How are U of T researchers working to tackle the short- and long-term risks of AI?
There are five key areas of AI alignment research: specification, interpretability, monitoring, robustness and governance. The Schwartz Reisman Institute is at the forefront of bringing together people from different disciplines to try to steer this technology in a positive direction.
In the case of specification, a common approach to fix the problem of reward misspecification is a technique that allows models to learn from human feedback. This is already being put into practice in training LLMs like ChatGPT. Going forward, some researchers are looking for ways to encode a set of human principles for future advanced models to follow. An important question that we can all think about is alignment to whom?What sort of guidelines do we want these models to follow?
Then there’s interpretability. A lot of these giant models, like ChatGPT, might have millions or even billions of parameters. These parameters take in an input and then compute a complicated mathematical function to give us the output — but we’re not always sure what happens in this “black box” in the middle. The goal of interpretability is to try to better understand how a model arrives at a given decision. For example, Roger Grosse, an associate professor in the department of computer science in the Faculty of Arts & Science and faculty affiliate at SRI, and his students are researching influence functions, which aims to understand which training examples are most responsible producing a certain output.
Another area is monitoring. Due to the presence of emergent behaviours, sometimes we don’t actually know what a new model is capable of until a bunch of different researchers and practitioners poke around and figure it out. This area of research aims to create systematic ways to understand how capable a model actually is. For example, PhD students Yangjun Ruan and Honghua Dong are among the U of T researchers who co-authored a paper that used simulation testing to evaluate the safety risks that could arise from giving current LLMs access to tools such as email and bank accounts.
Robustness is a term that broadly refers to making sure that AI models are resistant to unusual events or manipulations by bad actors. That means models shouldn’t be sensitive to small changes and should behave consistently in various circumstances. SRI Faculty Affiliate Nicolas Papernot, an assistant professor in the [Edward S. Rogers Sr.] department of computer engineering in the Faculty of Applied Science & Engineering and the department of computer science, has been working on trustworthy machine learning, which seeks to address some of these challenges.
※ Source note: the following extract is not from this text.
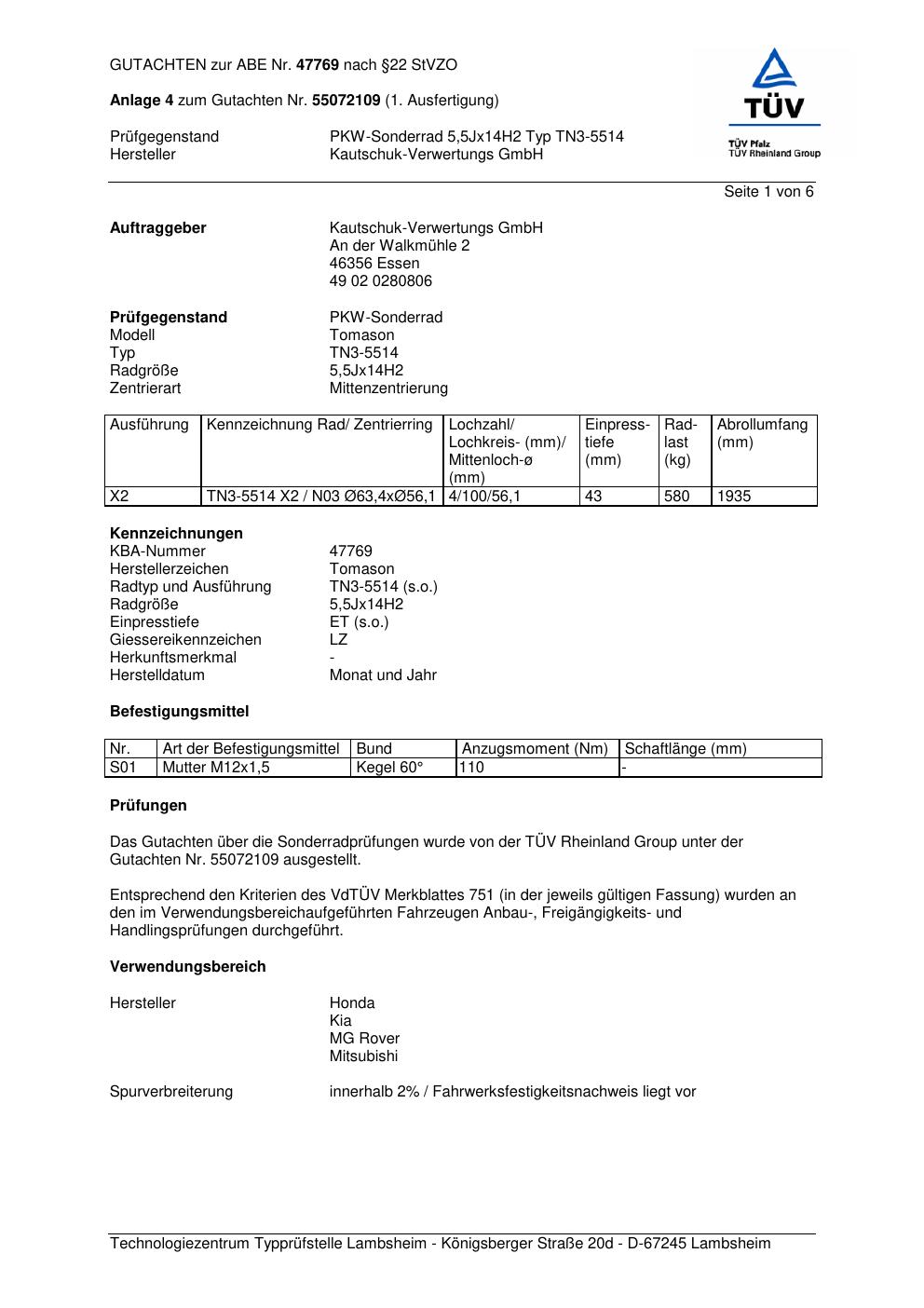 Felgengutachten / abe für Alufelgen co-rod TN3-5514 (5.5Jx14 ET 0, Mittenloch 0 mm) mit KBA 47769 (Zertifikatsnummer 47769). Hier kostenlos als PDF herunterladen. Der Download-Link ist 24 Stunden gültig und kann bis zu zwei Mal verwendet werden.

Finally, there’s governance. Many different countries are trying to develop rules on how we should regulate AI. For example, SRI Chair Gillian Hadfield has been influential in pushing for policies to curb the dangers of highly capable frontier AI models. There’s also research on the technical side about tools to hold AI developers accountable. PhD student Dami Choi and Associate Professor David Duvenaud recently co-authored a paper developing a method to check that a model is actually trained on the data that the organization claims.